= Frederick B. Lindstrom =

American sociologist (1915–1998)

Frederick B. Lindstrom (June 8, 1915 - January 8, 1998) was an American sociologist specializing in popular culture and demography who spent over four decades, starting in 1953, as professor (later professor emeritus) of sociology at Arizona State University.

A Massachusetts native, Lindstrom was born in the town of Palmer, located within the Springfield metropolitan area. His family background was mixed, including Swedish, German-Jewish, and other European forebears; he received a secular upbringing. He attended the University of Chicago, receiving his A.B. in 1938 and A.M. in 1941. Following service in World War II, he returned to the university on the G.I. Bill, earning his Ph.D. in 1950.

After teaching for three years at the University of Massachusetts Amherst, he relocated to Arizona, where he chaired the ASU Department of Sociology for a record number of years. He also served multiple terms as Secretary-Treasurer of the Pacific Sociological Association (PSA). Lindstrom was considered to incarnate the outlook and practices of the Chicago school, of which he was a historian, contributing to the special issue of the journal Sociological Perspectives (Vol. 31, No. 3, July 1988) entitled Waving the Flag for Old Chicago. With his wife, Laura Johnson, and Ronald A. Hardert, he edited the 1995 book Kimball Young on Sociology in Transition, 1912-1968.

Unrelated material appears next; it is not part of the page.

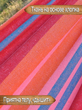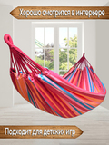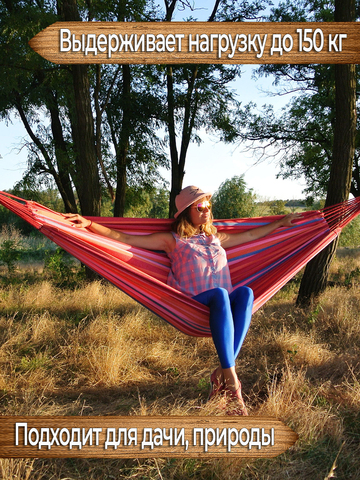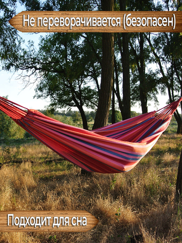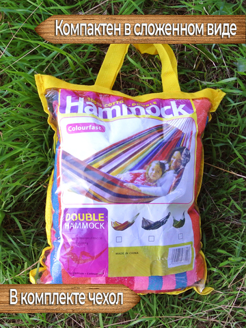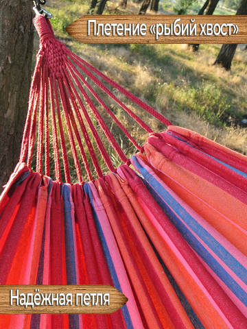 Данный гамак имеет яркую приятную расцветку, которая будет притягивать взгляд и станет украшением вашего палаточного лагеря. Чтобы расцветка дольше сохраняла изначальную сочность цветов, рекомендуется, по возможности, располагать гамак в тени, т.к. хлопок подвержен выгоранию на солнце, зато его мягкая приятная поверхность придётся по нраву и взрослым и детям. Соприкасаясь с такой поверхностью, кожа будет продолжать дышать и вы будете чувствовать себя максимально комфортно лёжа в гамаке. Для хранения и транспортировки изделия гамак дополнен двумя прочными верёвками и сумкой-чехлом.
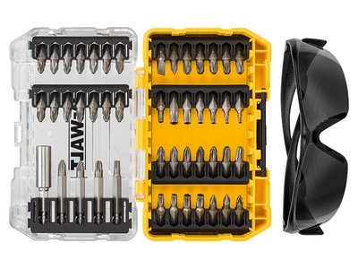 The Dewalt DT70703 Screwdriving Set is supplied in a TOUGH CASE+, this is part of a connectable case system that is TSTAK (TM) compatible. Individual TOUGH CASES can be clipped together for easy transportation. One pair of Tinted Safety Glasses are included. Contains: 1 x 25mm Slotted Bit: 6mm. 8 x 25mm Phillips Bits: PH1, PH2(x5) and PH3(x2). 22 x 25mm Pozidriv Bits: PZ1(x3), PZ2(x14) and PZ3(x5). 5 x 25mm TORX Bits: TX20, TX25(x2) and TX30(x2). 6 x 25mm TORX Security Bits: TX10, TX15, TX20, TX25, TX30 and TX40. 1 x 50mm Phillips Bit: PH2. 2 x 50mm Pozidriv Bits: PZ2 and PZ3. 1 x 50mm TORX Bit: TX25. 1 x Bit Holder.

As a student of popular culture, he maintained an extensive collection of jazz and blues records, ranging from 78s to CDs, and frequently offered a course entitled The Sociology of Jazz and Blues. His official area of specialization, however, was demography. Before serving in the war, he had specialized in literature—after his change of academic field, he was involved with sociology of the arts and the teaching of sociology through literature. In 1994 he received a distinguished service award from ASU's College of Liberal Arts.

Frederick B. Lindstrom died at the age of 82. He and his wife Laura were the parents of three children—two sons and daughter Naomi, a literary critic specializing in Latin America, with whom he co-authored conference papers and articles.